Tekmira Data Shows Improvements in SNALP Therapeutic Index, Publishes Data on Cancer Drug Candidate
Tekmira Pharmaceuticals this week announced the presentation of data showing that the therapeutic index of its stable nucleic acid lipid particles could be improved five to ten times over existing versions of the siRNA delivery technology through the incorporation of novel lipids.
The company said the data were unveiled at Asia TIDES Oligonucleotide and Peptide Technology and Product Development Conference in Tokyo.
"These improvements were made with SNALP formulations designed for delivery of siRNA to targets both in and outside of the liver," Tekmira said. "Furthermore, the formulation improvements were achieved without inducing adaptive immune responses."
Separately this week, Tekmira researchers published data in the Journal of Clinical Investigation showing that SNALP-based delivery of siRNAs targeting polo-like kinase 1 can effectively kill cancer cells and decrease tumor burden in mouse models.
Tekmira is developing an siRNA-based drug against PLK1 as a treatment for solid tumors. The company expects to begin clinical testing of the treatment in the second half of this year (see RNAi News, 11/20/2008).
MDRNA Data Shows UsiRNAs Capable of Target Gene Silencing In Vivo
MDRNA said this week that it has presented data showing that its so-called UsiRNAs were capable of triggering significant inhibition of a target gene, apolipoprotein B, in a rodent model.
The data were presented at Asia TIDES Oligonucleotide and Peptide Technology and Product Development Conference in Tokyo, MDRNA said.
UsiRNAs are duplex siRNAs that are modified with non-nucleotide acyclic monomers, called unlocked nucleobase analogs, in which the bond between two adjacent carbon atoms of ribose is removed, according to the company.
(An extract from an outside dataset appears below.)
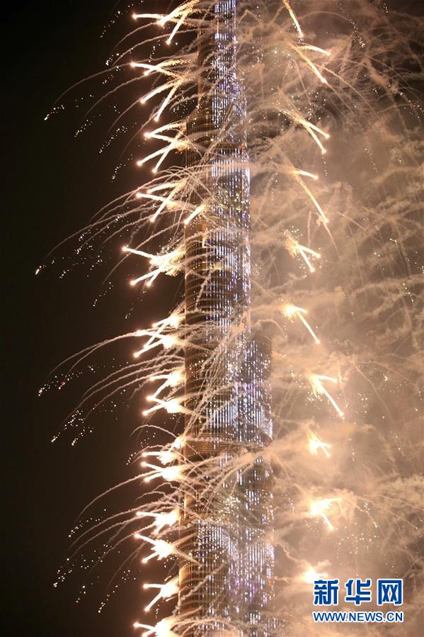 这是2020年1月1日拍摄的阿联酋迪拜哈利法塔跨年烟火表演。 新华社记者 苏小坡 摄

"Placement of UNA within UsiRNA minimizes the potential for off-target effects by the guide strand, as well as undesired activity of the passenger strand," MDRNA said. "Further, the change in sugar structure renders this unlocked nucleobase analog conformationally flexible," which allows the oligo to avoid cytokine induction and provides protection from nuclease degradation.